Opinion
Civil Action No.: 3:10-cv-228-FDW-DSC.
September 16, 2011
ORDER
THIS MATTER comes now before the Court upon Plaintiffs' Motion to Voluntarily Dismiss Defendants Jason Li and Mali Xu from this action without prejudice pursuant to Rule 41(a)(2) of the Federal Rules of Civil Procedure. For the reasons set forth, Plaintiffs' Motion to Voluntarily Dismiss Defendants Jason Li and Mali Xu is GRANTED.

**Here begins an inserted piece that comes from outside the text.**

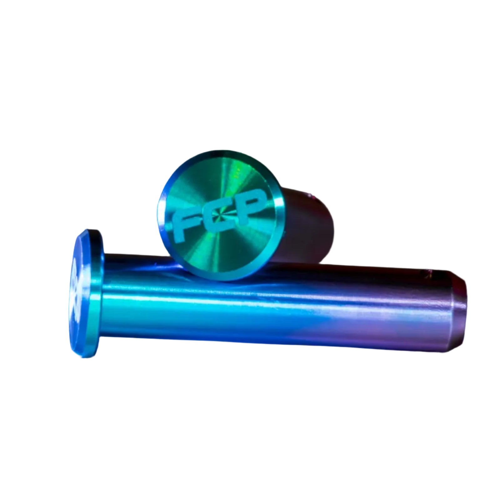 This kit includes the highest quality CNC Machined Titanium foot peg pins with Laser etched logo, Aluminum washers and cotter pins.

Plaintiffs Bridgetree, Inc., and Two Bit Dog, LLC, (collectively "Plaintiffs") assert in their Memorandum in Support of their Motion to Voluntarily Dismiss Defendants Jason Li and Mali Xu that, "[u]nder Rule 41 of the Federal Rules of Civil Procedure, a plaintiff may dismiss an action upon order of the court and upon such terms and conditions as the court deems proper." (Doc. No. 85 at 2). The issue before this Court relates to the scope of Rule 41 and its functionality as a vehicle to dismiss certain co-defendants from an action rather than an action in its entirety.
Rule 41(a) refers to the voluntary dismissal of "an action." Interpreting this portion of the Rule on its face, the Second Circuit held that "the word `action' as used in the Rules denotes the entire controversy, whereas `claim' refers to what has traditionally been termed `cause of action.'" Harvey Aluminum, Inc. v. American Cyanimid Co., 203 F.2d 105, 108 (2nd Cir. 1953), cert. denied, 345 U.S. 964. Under the Second Circuit's strict interpretation of the Rule, a plaintiff may not dismiss a handful of co-defendants to an action under 41(a); rather, he must proceed under Rule 15 or Rule 21 to accomplish this desired end.
As noted in Defendants' briefs, several courts have been influenced by the Second Circuit's reading of Rule 41(a), including a fellow court in this District. The greater weight of authority, however, maintains that contrary to its plain language, Rule 41(a) allows for dismissal of less than the entirety of an action. See Young v. Wilky Carrier Corp., 150 F.2d 764 (3d Cir. 1945), cert. denied, 326 U.S. 786 (granting dismissal of one of two defendants under Rule 41(a)(2)); Wilson v. City of San Jose, 111 F.3d 688 (9th Cir. 1997) (holding plaintiff may dismiss some or all defendants through Rule 41(a)(1)).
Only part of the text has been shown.